这片宇宙残梦,便伴随着其上无数生命的惨叫哀嚎,化为最纯净的力量灌输到这位曾经的宇宙主宰体内。
悔与的身躯不增,反而不断缩小,那些环绕在其身躯之外的粘稠欲望法则也随之浓缩。
不再像是之前的光波模样,而是如重重厚实的果壳一样,将最中心的悔与牢牢保护起来。
面对这一场景,昆也只是冷冷注视着。
色欲荣主如何选择,那是祂的事。
如是真是个有骨气的家伙,当初又怎么没有陪着宇宙一起葬身蛇口,而是苟活至今,还成了提丰之二?
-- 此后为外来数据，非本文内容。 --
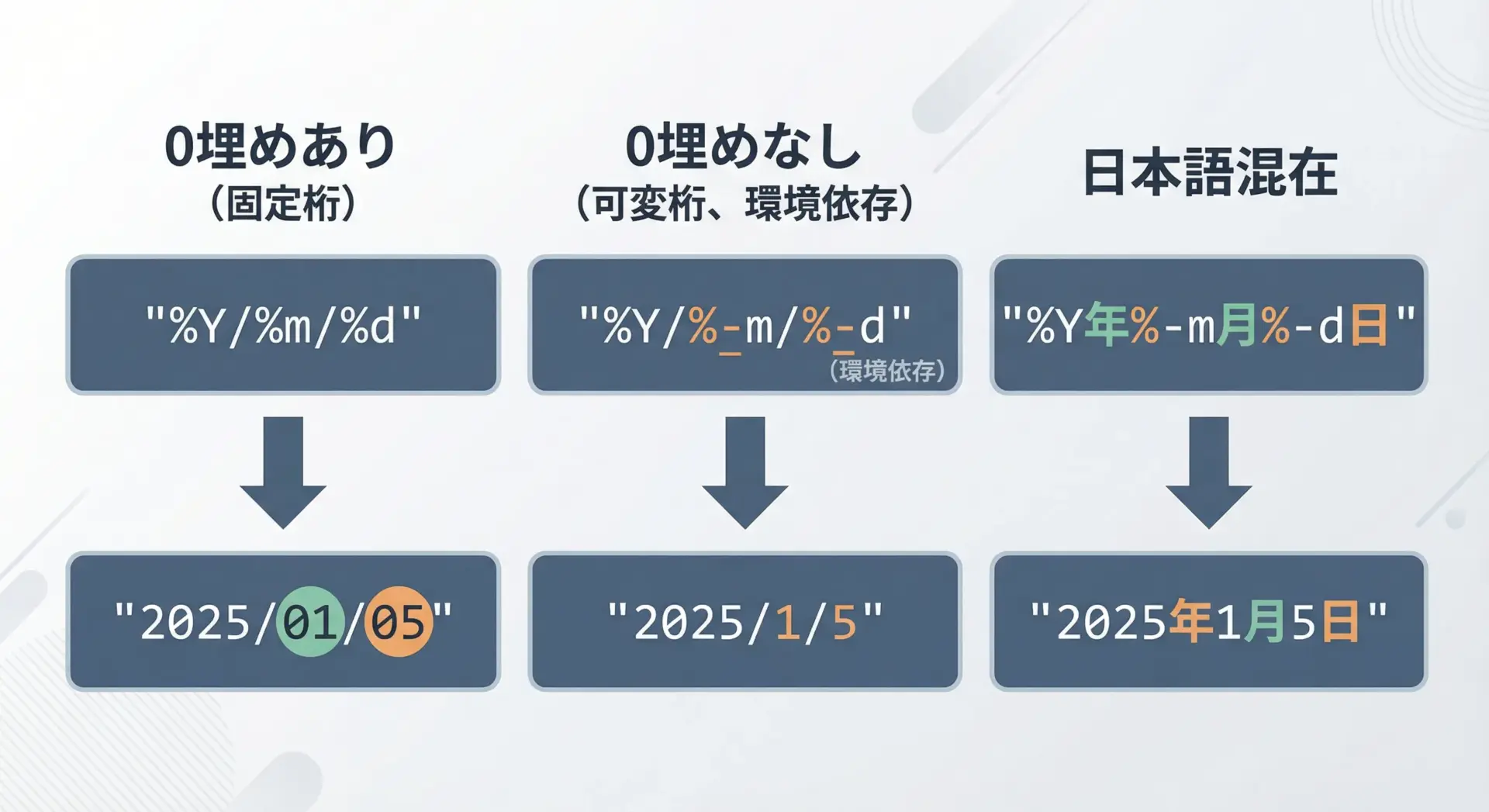 "%Y年%m月%d日"→"2025年01月05日""%Y年%-m月%-d日"→"2025年1月5日"(環境依存)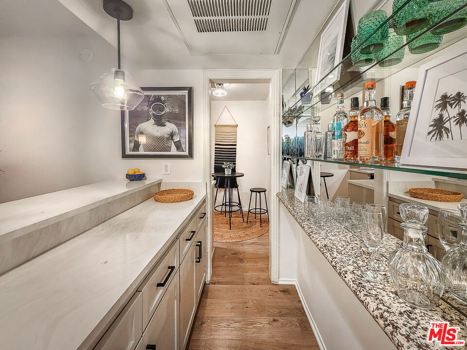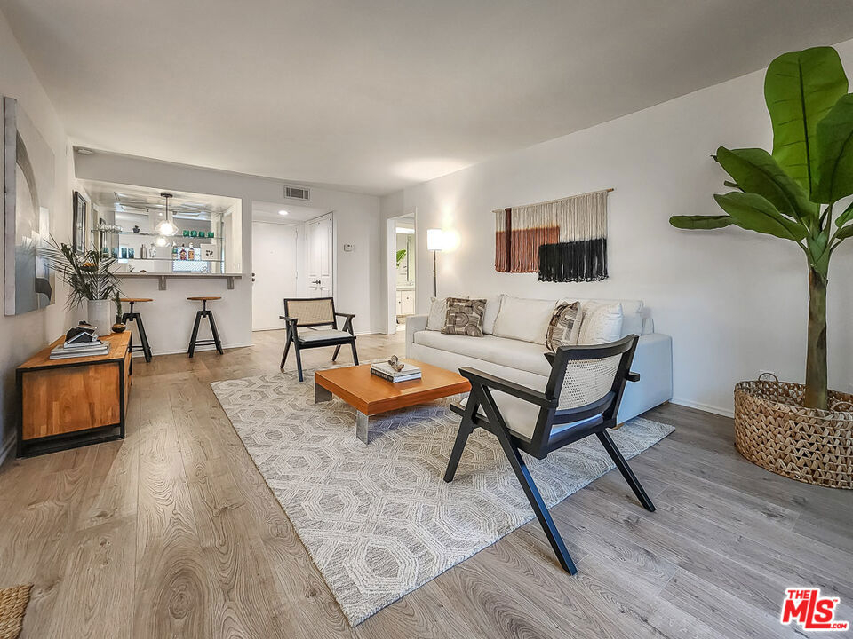 Thoughtfully remodeled residence at "Villa Las Brisas", located in heart of West Hollywood. Step inside this bright, flowing, open floor plan with over 850 square feet of luxury living space. Unwind in the spacious living room that features a bar area perfect for happy hour gatherings. Modern galley style kitchen complete with Cambria Quartz countertops, tile backsplash, top of the line appliances and cozy breakfast area. Conveniently located adjacent to the kitchen is the spacious dining area which, along with the living room, leads to sliding glass doors to a private balcony perfect for enjoying your morning coffee. Primary bedroom suite with walk-in cedar closet and custom window treatments. Sumptuous bathroom with marble countertops and backsplash, double sinks and separate spa tub and oversized shower. Other features include vinyl plank flooring throughout, fresh paint and plenty of closet space. Enjoy warm summer nights at the Lania style pool and BBQ areas. Other building amenities include fitness center, storage and secured underground parking. Low HOA dues include Spectrum cable + HBO and Showtime, water, trash/recycling, Hi-speed internet and EQ insurance! Located on a beautiful tree lined street with close proximity to trendy restaurants, cafes, Gelson's market, nightlife as well as to A+ destinations such as Soho House and Equinox.

就算其付出了巨大的代价,偷偷保留这片宇宙残渣,还让混沌铜炉吸纳这片大陆上的纯粹诅咒,培养分身,又能代表着什么呢?
欲望本身就是复杂的。
最是美丽。
也最是肮脏。
生命,是需要欲望来驱动自身。
可被自身无休止欲望所淹没的生命,说白了也只是欲望的傀儡罢了。
作为宇宙君主,庇护臣民,守卫宇宙,是一种欲望。
作为提丰之首,渴求永恒,追究那超越欲望本身的真美,同样是一种欲望。
这践行自我的道路上,这两条道路其实并不冲突。
可当某一欲望压倒过另一方的时候,却相当于走进了死路。
所以色欲荣主,也和走进入了死胡同的道祖,星源至尊一样,永远只能仰望那‘完美’,却无法真正抵达。
有些选择,在做出的那一瞬间,其实就已经注定了终局。
亡羊,补牢。
羊,终究还是亡的。
正如同人生的路上,有些错误,只能犯一次,有些选择,也只能做一次。
世上并无后悔药。
他人,也不会仁慈到给予你改正的机会。
哪怕是被丰饶强行重塑再创的原宇宙,看似有着无数改变命运的机会,但事实上呢?
路只有一条。
你死,我活。
仅此而已。
“你的罪孽由我背负,你的欲望,由丰饶来延续,安心地逝去吧。”
在宇宙爆诞的可怕冲击下,末日的法则被这股新生之力压制到极致。
在这璀璨耀眼的宇宙晨曦下,变成了微不足道的萤火。
再次恢复了一丝神智混沌熔炉没有反抗,而是近乎是平静迎接着死亡的到来。
反观色欲荣主,一层层‘果壳’包裹下,求生的欲望发挥到极致,丑态毕露。
却也因为大法师说出的那番话,表情一怔,产生了一丝犹豫。
就是这一丝犹豫,让原本就只剩下一线的生机,再无任何可能。
噼里啪啦~
欲望法则化成的防御层层破碎,宇宙晨曦以及旧丰饶的注定死亡,化作洪流不可阻挡地冲破欲望法则的防线,来到色欲荣主的面前。
“好美。
这就是宇宙初诞时的场景吗,真的好美。”
色欲荣主脸上流露出痴迷的神色,这一击,祂已无力阻挡。
身为曾经的宇宙君主,星域至尊,虽然会为了不死而丑陋挣扎,却也不缺面对死亡降临时的从容。
“蠢货,这般容易动摇,如何抵达那完美之境?”
划开星域壁垒的是最古之神,宇宙引领者,【时】。
身后十二对羽翼轻轻拍打的世外之神,微微昂着头颅,似乎在俯视这片宇宙中的一切卑微存在。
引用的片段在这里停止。